Once the audio thread is running, the "wait for audio" block waits for both the next input buffer and for space to be available in the audio output queue. At that point, "read audio" will return a buffer of samples (an array) or you can output a buffer of audio (the same size as the input buffer) using "write audio" -- or both!
Here is a simple loop that reads and echoes incoming audio:
Note that if you don't use headphones, you'll get feedback because the audio coming from the speakers is picked up by the microphone and appears in the next incoming audio buffer. (The frequency of the feedback depends on the overall delay in the system, which is determined in part by the audio buffer size.) The stop button stops the audio thread, so you can quickly silence feedback or other painful sounds when things go wrong. :-) You seldom need to use the "close audio" block, since the stop button does that.
The "fft" block takes an audio buffer and returns the lower half of the discrete Fourier transform of that buffer (the upper half of the Fourier transform is just a reflection of the lower half).

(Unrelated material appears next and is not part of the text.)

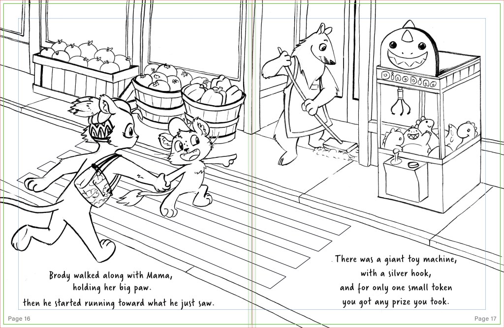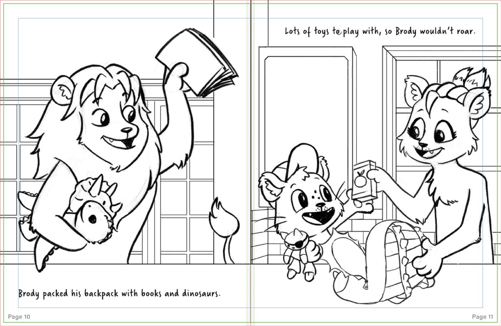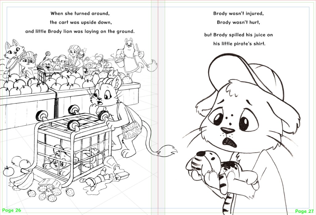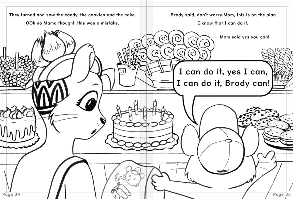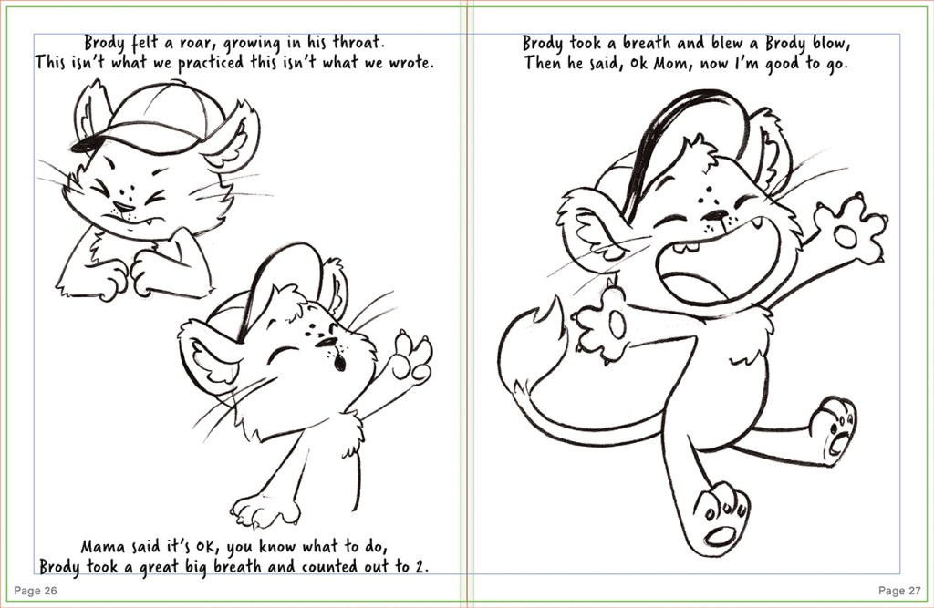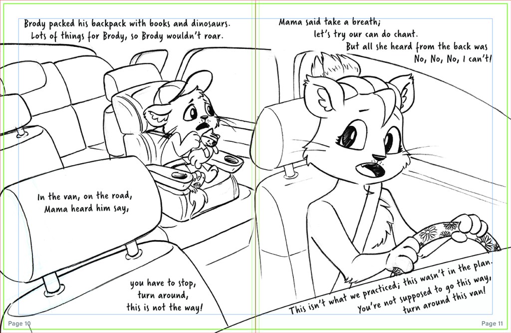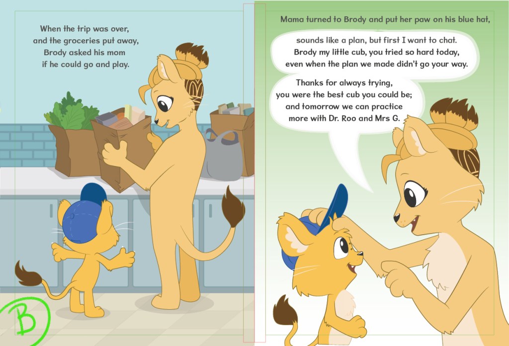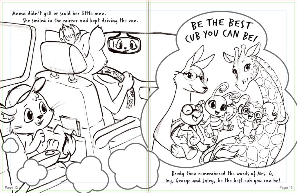 Changes to the cover and inside title page. I’ve created Pages 10, 11, 12, 13 and I’ve changed Brody’s mum’s hair color a bit to vary from her fur color. Pages 12 and 13 I’ve uploaded two of them with different text layout.

The Fourier transform gives you a breakdown of the frequencies that were present in that buffer of sound. The first element is the constant offset (sometimes called the "D.C." component) which is typically close to zero and, in any case, not usually of interest. The next component is for a frequency that would fit one cycle of a sine wave into a sound buffer. To figure out what that frequency is, you divide the sampling rate by the buffer size. For example, with the default sampling rate of 22050 samples/second and buffer size of 2048, it would be 22050 / 2048, or 10.7666 Hz, which is below what humans can usually hear. The next component is double that, 21.53 Hz, and the following component is three times that, 32.23 Hz. The last component is 1023 times that, 11014.2 Hz. You might use this frequency data to make a real-time frequency graph, drive a music visualizer, or perhaps make a tuner for your guitar or ukelele.
(Note for digital audio geeks: The FFT result buffer contains only the magnitudes of the FFT values, so the phase information is lost. That means you can't use the "fft" block to do a reverse FFT, as one might do in advanced audio applications like sound codecs or vocoders. However, the "fft" block makes it much easier to simply get and use the frequency spectrum for a sound buffer.)